Saved data entries:

☆ ☆ ☆ ☆

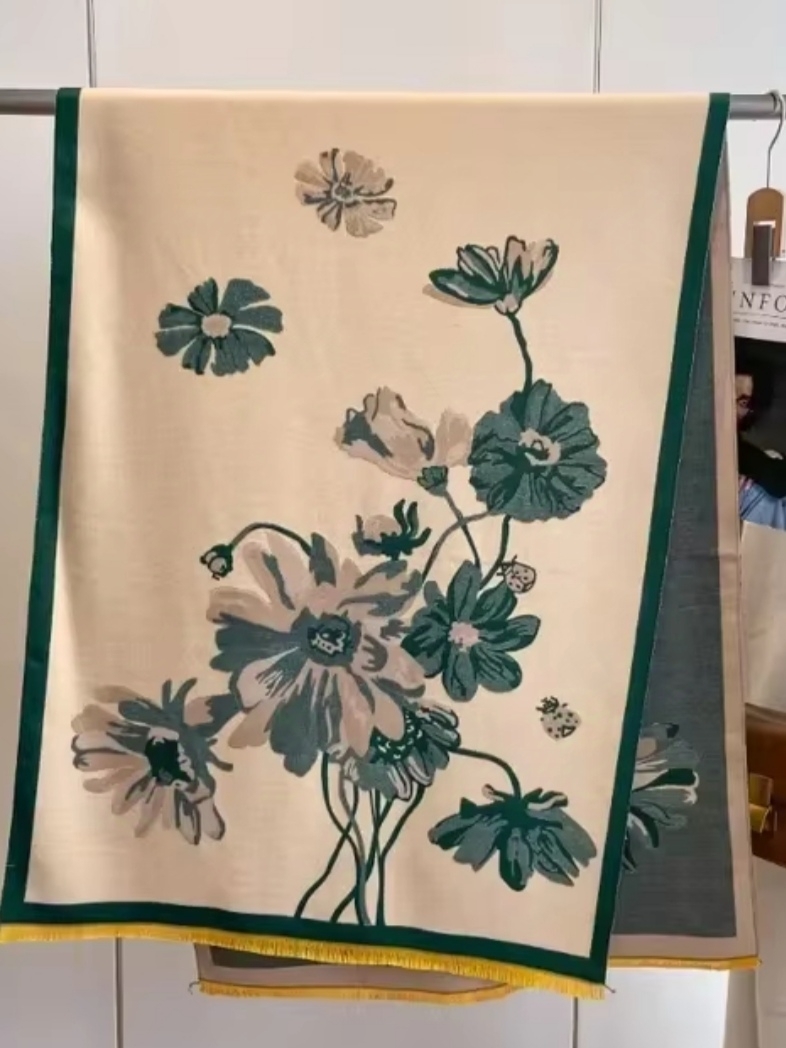 Добавете елегантен акцент към зимната си визия с този дамски шал с флорални мотиви. Моделът комбинира меко бежово и маслено зелено, украсени с деликатни цветя . Изработен е от модал и вълна, която осигурява топлина и уют през студените месеци. Перфектно допълнение към палто или зимно яке, този шал е идеален за ежедневно носене или като стилен аксесоар за специални поводи.
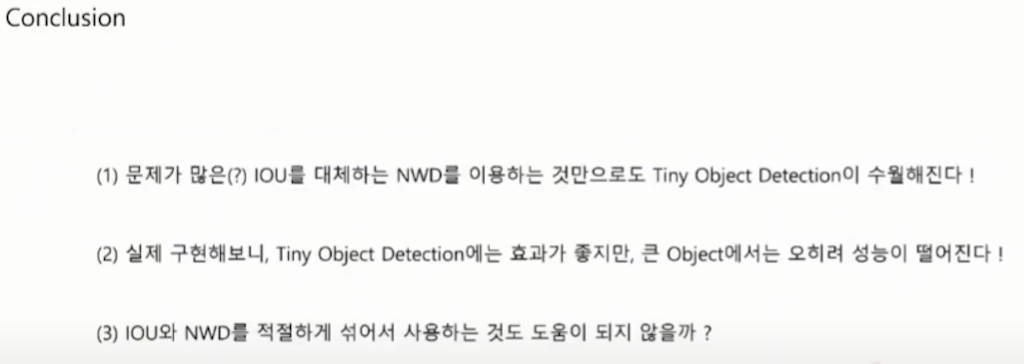 결론을 내자면 IoU를 대체하는, NWD 사용하는 게 되게 간단한 방법이고 코드 구현도 간단하면서 효과적으로 Tiny Object Detection을 수행할 수 있습니다. 그러나 실제 구현해보니 큰 Object에는 오히려 성능이 떨어지는 것을 확인할 수 있었습니다.
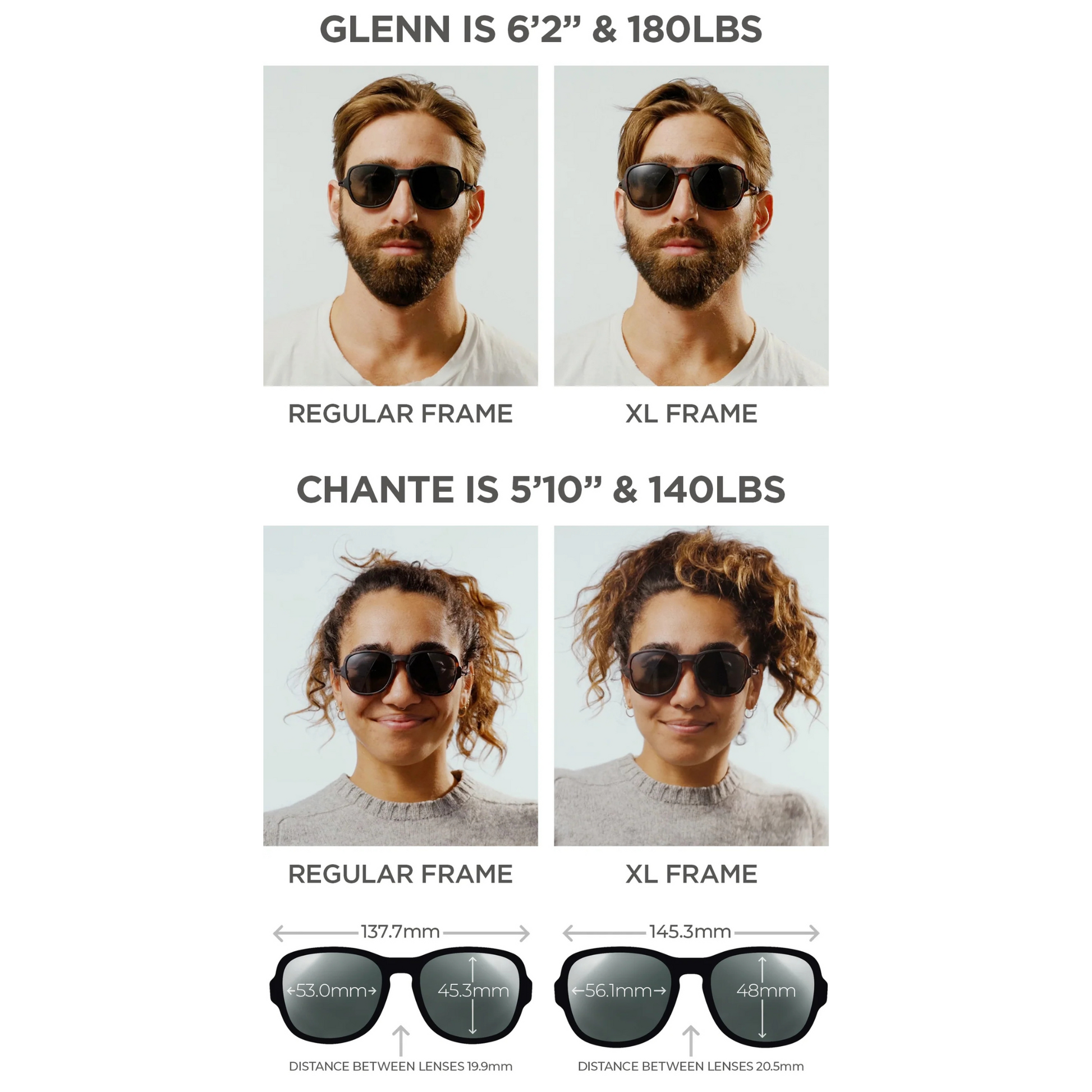 The Ombraz Teton are a square frame with a keyhole nose bridge blends inspiration from famous Wayfarer and Clubmaster styles - balancing style and function. Built-in, mini visors reduce peripheral glare. Available in Regular and XL.
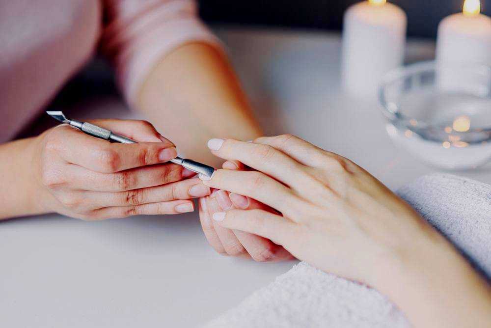 После размягчения кутикулы, тупым концом нужно осторожно поддеть кожицу и сдвинуть к основанию ногтя;
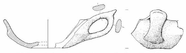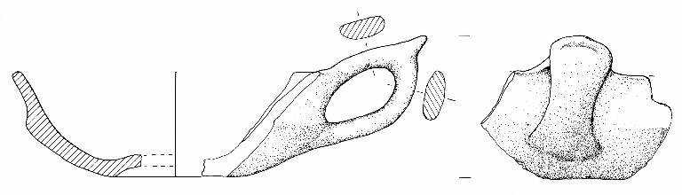 Vasca a calotta, parete distinta svasata, orlo arrotondato e fondo concavo parzialmente conservato. Ansa a nastro soprelevata, con profilo ad orecchio e appendice asciforme. Colore grigio scuro con zone chiare.
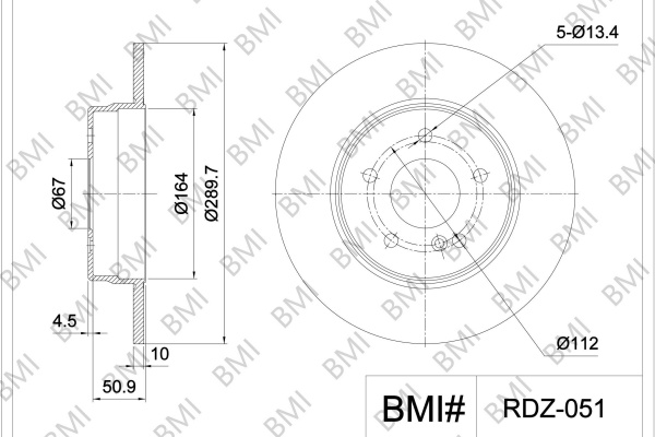 страна на монтаж: задна осброй на дупките: 5вид на спирачния диск: плътенвисочина: 55,5mmвъншен диаметър: 290,0mmвътрешен диаметър: 164,0mmдебелина на спирачния диск: 10,0mmОтвор Ø: 13,3mmДиаметър на кръговата стъпка Ø: 112,0mmмин. дебелина: 8,3mmцентриращ диаметър: 67,0mm
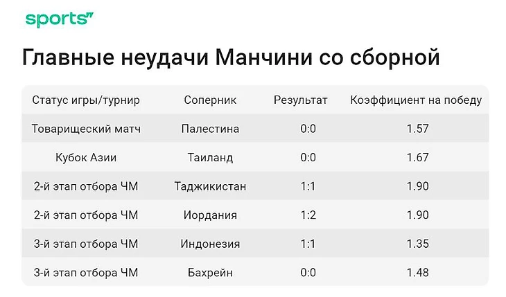 После четырех туров Саудовская Аравия набрала только пять очков. Есть риск не пройти на чемпионат мира, хотя ожидания от итальянца были очень велики – не зря его сделали одним из самых высокооплачиваемых тренеров мира с окладом примерно в 30 млн евро.
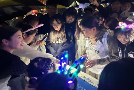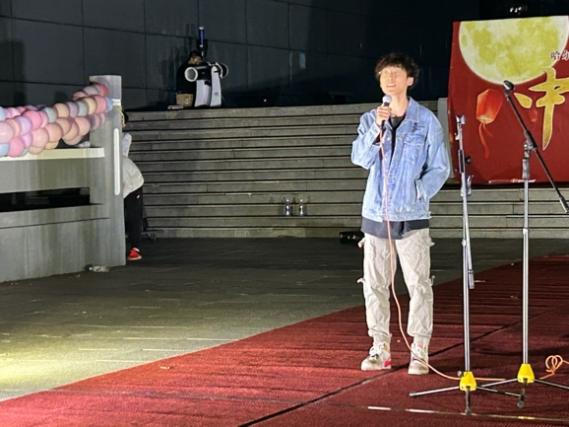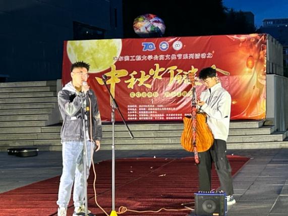 当晚虽细雨绵绵,丝毫不影响同学们参与活动的热情,更为灯谜会增添了几分浪漫气息。17点30分,伴随着欢快喜庆的国风音乐,活动准时开场。公寓中心特邀学生乐队“畅享声乐团”为大家带来了精彩的歌曲串烧,引来现场观众纷纷驻足聆听。
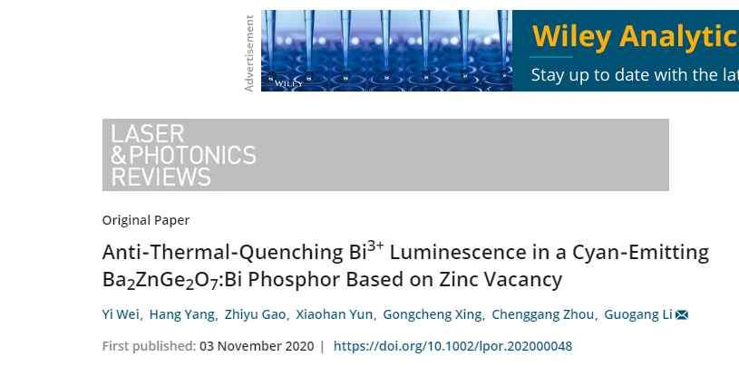 Anti‐Thermal‐Quenching Bi3+ Luminescence in a Cyan‐Emitting Ba2ZnGe2O7:Bi Phosphor Based on Zinc Vacancy
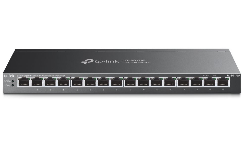 Switch nabízí 16× GbE RJ-45 portů s podporou PoE+ 802.3at/af a celkovým zatížením až 120 W. Přepínací kapacita dosahuje až 32 Gbps a rychlost směrování až 23,8 Mpps.
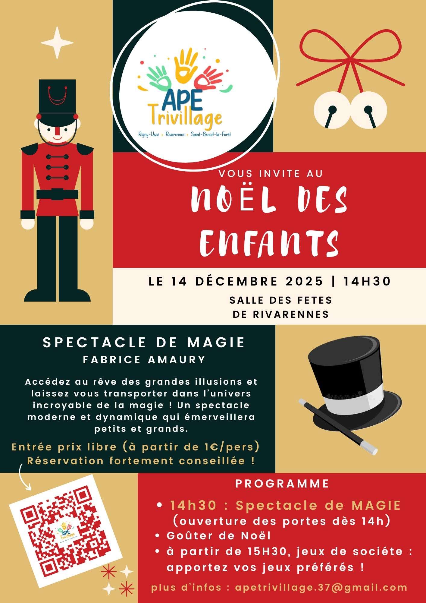 Jeune Public Dim. 14 Déc. 2025 14:30 Spectacle de magie Fête de Noël de l'APE à Rivarennes Rivarennes • Salle des fêtes Magie
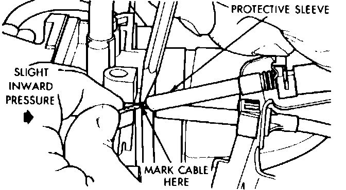 3. Pull core wire away from servo. There should be a .24 inch (6 mm) gap between mark on core wire and the protective sleeve.
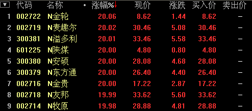 早盤9只新股全部"頂格"高開20%,金輪股份漲20.06%報8.62元,麥趣爾漲20.02%報30.46元,溢多利漲20.01%報33.46元,陜西煤業漲20.00%報4.80元,安碩信息漲20.00%報28.08元,東方通漲20.00%報26.40元,金貴銀業漲20.00%報17.22元,友邦吊頂漲19.99%報33.62元,牧原股份漲19.98%報28.88元。
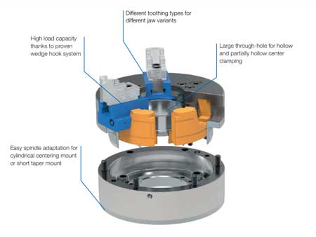 氣缸內置于卡盤,安裝簡便,適用于各種車床

☆ ☆ ☆ ☆

ABOUT THIS EXERCISE: Once the line with "결론을 내자면 IoU를" is found in the data above, reproduce it and each line after it exactly, through the line with "3. Pull core". Omit the pictures.

RESULT OF THIS EXERCISE:
 결론을 내자면 IoU를 대체하는, NWD 사용하는 게 되게 간단한 방법이고 코드 구현도 간단하면서 효과적으로 Tiny Object Detection을 수행할 수 있습니다. 그러나 실제 구현해보니 큰 Object에는 오히려 성능이 떨어지는 것을 확인할 수 있었습니다.
 The Ombraz Teton are a square frame with a keyhole nose bridge blends inspiration from famous Wayfarer and Clubmaster styles - balancing style and function. Built-in, mini visors reduce peripheral glare. Available in Regular and XL.
 После размягчения кутикулы, тупым концом нужно осторожно поддеть кожицу и сдвинуть к основанию ногтя;
 Vasca a calotta, parete distinta svasata, orlo arrotondato e fondo concavo parzialmente conservato. Ansa a nastro soprelevata, con profilo ad orecchio e appendice asciforme. Colore grigio scuro con zone chiare.
 страна на монтаж: задна осброй на дупките: 5вид на спирачния диск: плътенвисочина: 55,5mmвъншен диаметър: 290,0mmвътрешен диаметър: 164,0mmдебелина на спирачния диск: 10,0mmОтвор Ø: 13,3mmДиаметър на кръговата стъпка Ø: 112,0mmмин. дебелина: 8,3mmцентриращ диаметър: 67,0mm
 После четырех туров Саудовская Аравия набрала только пять очков. Есть риск не пройти на чемпионат мира, хотя ожидания от итальянца были очень велики – не зря его сделали одним из самых высокооплачиваемых тренеров мира с окладом примерно в 30 млн евро.
 当晚虽细雨绵绵,丝毫不影响同学们参与活动的热情,更为灯谜会增添了几分浪漫气息。17点30分,伴随着欢快喜庆的国风音乐,活动准时开场。公寓中心特邀学生乐队“畅享声乐团”为大家带来了精彩的歌曲串烧,引来现场观众纷纷驻足聆听。
 Anti‐Thermal‐Quenching Bi3+ Luminescence in a Cyan‐Emitting Ba2ZnGe2O7:Bi Phosphor Based on Zinc Vacancy
 Switch nabízí 16× GbE RJ-45 portů s podporou PoE+ 802.3at/af a celkovým zatížením až 120 W. Přepínací kapacita dosahuje až 32 Gbps a rychlost směrování až 23,8 Mpps.
 Jeune Public Dim. 14 Déc. 2025 14:30 Spectacle de magie Fête de Noël de l'APE à Rivarennes Rivarennes • Salle des fêtes Magie
 3. Pull core wire away from servo. There should be a .24 inch (6 mm) gap between mark on core wire and the protective sleeve.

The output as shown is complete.